I don't think so.  event-tap will call bdrv_aio_writev() upon
flushing requests and it shouldn't affect block-migration.  The
block written after the synchronization should be marked as dirty
and should be sent in the next round.  Am I missing the point?

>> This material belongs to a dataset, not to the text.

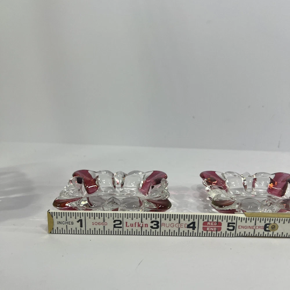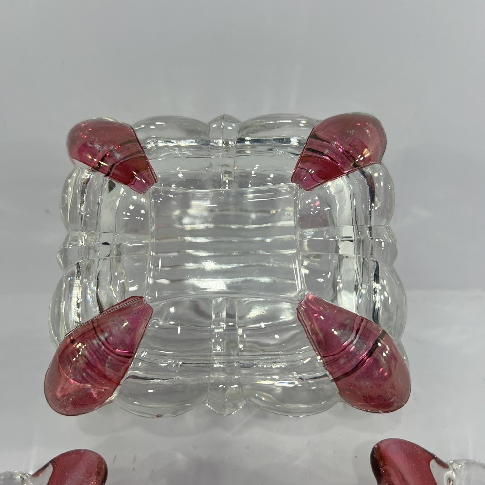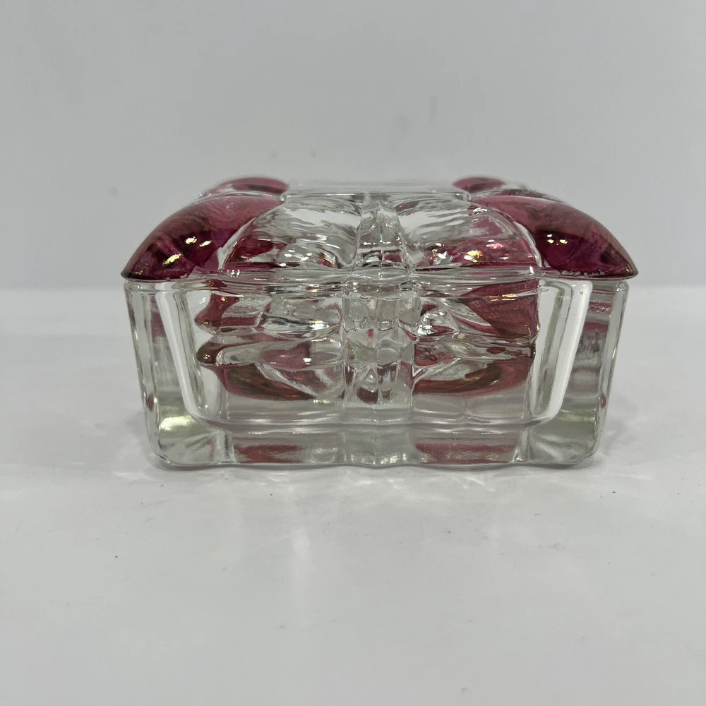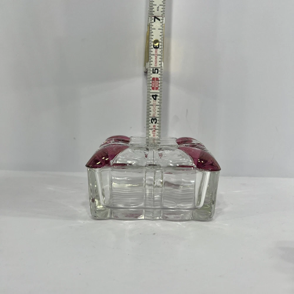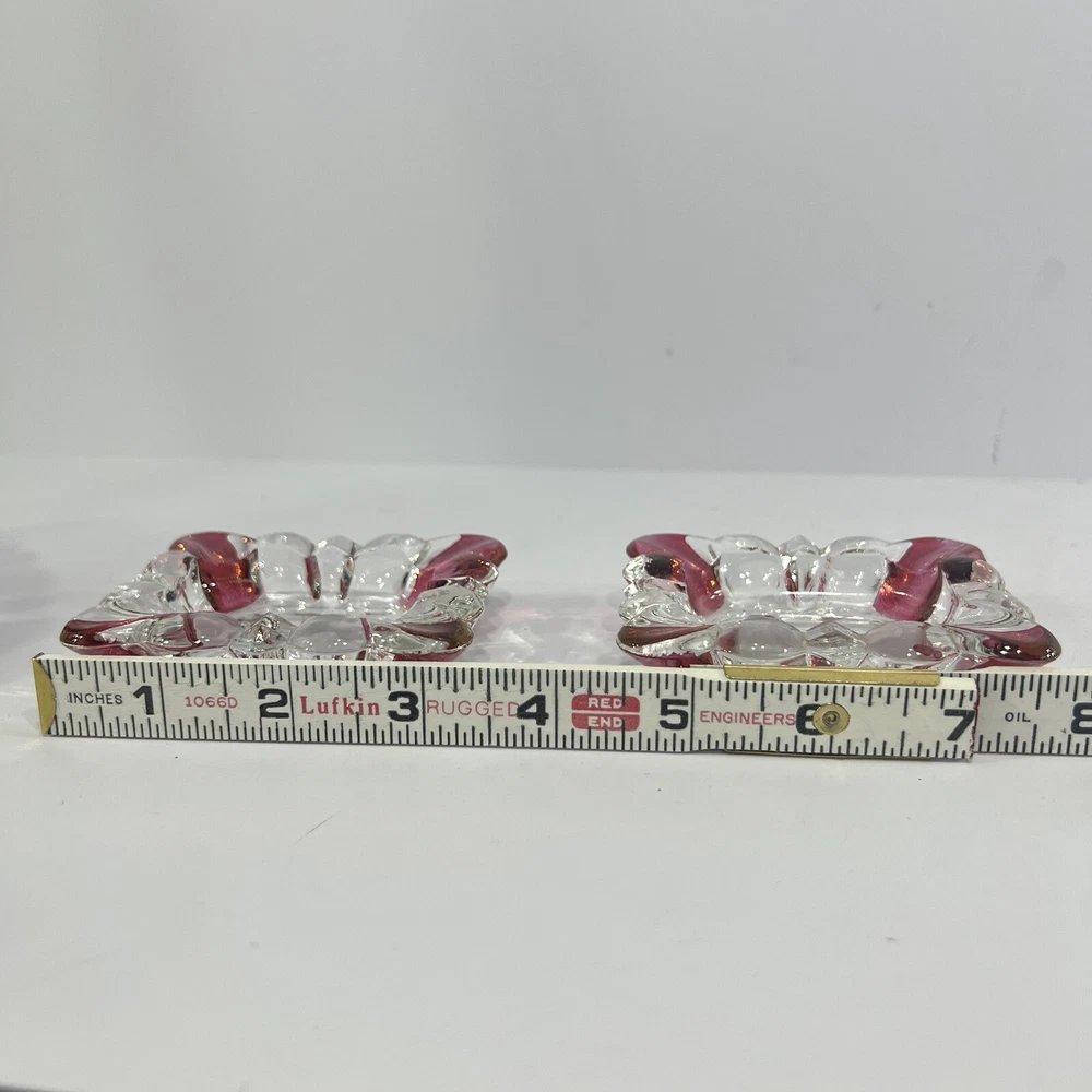 Please see photos for condition of items. Very pretty, in aged vintage condition. This Westmoreland Ruby Red Flashed Glass Cigarette Box is a decorative and functional piece that will add elegance to any room. The box has a rectangular shape and is made of pressed glass, with a removable lid for easy access. It features a beautiful red color and has one compartment for storing cigarettes or other small items. The box is also a perfect trinket dish for storing small accessories like jewelry or coins. The box is made in the United States and is a great addition to any antique or decorative collection. It is a press-molded glass piece with a smooth surface and a brand name of Westmoreland. This item is perfect for those who appreciate the beauty and craftsmanship of vintage glassware.

> Another question that came to my mind is if we really hook everything we
> need. I think we'll need to have a hook in bdrv_flush as well. I don't
> know if you do hook qemu_aio_flush and friends -  does a call cause
> event-tap to flush its queue? If not, a call to qemu_aio_flush might
> hang qemu because it's waiting for requests to complete which are
> actually stuck in the event-tap queue.

No it doesn't queue at event-tap.  Marcelo pointed that we should
hook bdrv_aio_flush to avoid requests inversion, that made sense
to me.  Do we need to hook bdrv_flush for that same reason?  If
we hook bdrv_flush and qemu_aio_flush, we're going loop forever
because the synchronization code is calling vm_stop that call
bdrv_flush_all and qemu_aio_flush.

Yoshi

>
> Kevin
> --
> To unsubscribe from this list: send the line "unsubscribe kvm" in
> the body of a message to majordomo@vger.kernel.org
> More majordomo info at  http://vger.kernel.org/majordomo-info.html
>
Kevin Wolf - Jan. 19, 2011, 2:08 p.m.
Am 19.01.2011 14:16, schrieb Yoshiaki Tamura:
> 2011/1/19 Kevin Wolf <kwolf@redhat.com>:
>> Am 19.01.2011 06:44, schrieb Yoshiaki Tamura:
>>> event-tap function is called only when it is on, and requests sent
>>> from device emulators.
>>>
>>> Signed-off-by: Yoshiaki Tamura <tamura.yoshiaki@lab.ntt.co.jp>
>>> ---
>>>  block.c |   11 +++++++++++
>>>  1 files changed, 11 insertions(+), 0 deletions(-)
>>>
>>> diff --git a/block.c b/block.c
>>> index ff2795b..85bd8b8 100644
>>> --- a/block.c
>>> +++ b/block.c
>>> @@ -28,6 +28,7 @@
>>>  #include "block_int.h"
>>>  #include "module.h"
>>>  #include "qemu-objects.h"
>>> +#include "event-tap.h"
>>>
>>>  #ifdef CONFIG_BSD
>>>  #include <sys/types.h>
>>> @@ -2111,6 +2112,11 @@ BlockDriverAIOCB *bdrv_aio_writev(BlockDriverState *bs, int64_t sector_num,
>>>      if (bdrv_check_request(bs, sector_num, nb_sectors))
>>>          return NULL;
>>>
>>> +    if (bs->device_name && event_tap_is_on()) {
>>> +        return event_tap_bdrv_aio_writev(bs, sector_num, qiov, nb_sectors,
>>> +                                         cb, opaque);
>>> +    }
>>> +
>>>      if (bs->dirty_bitmap) {
>>>          blk_cb_data = blk_dirty_cb_alloc(bs, sector_num, nb_sectors, cb,
>>>                                           opaque);
>>
>> Just noticed the context here... Does this patch break block migration
>> when event-tap is on?
> 
> I don't think so.  event-tap will call bdrv_aio_writev() upon
> flushing requests and it shouldn't affect block-migration.  The
> block written after the synchronization should be marked as dirty
> and should be sent in the next round.  Am I missing the point?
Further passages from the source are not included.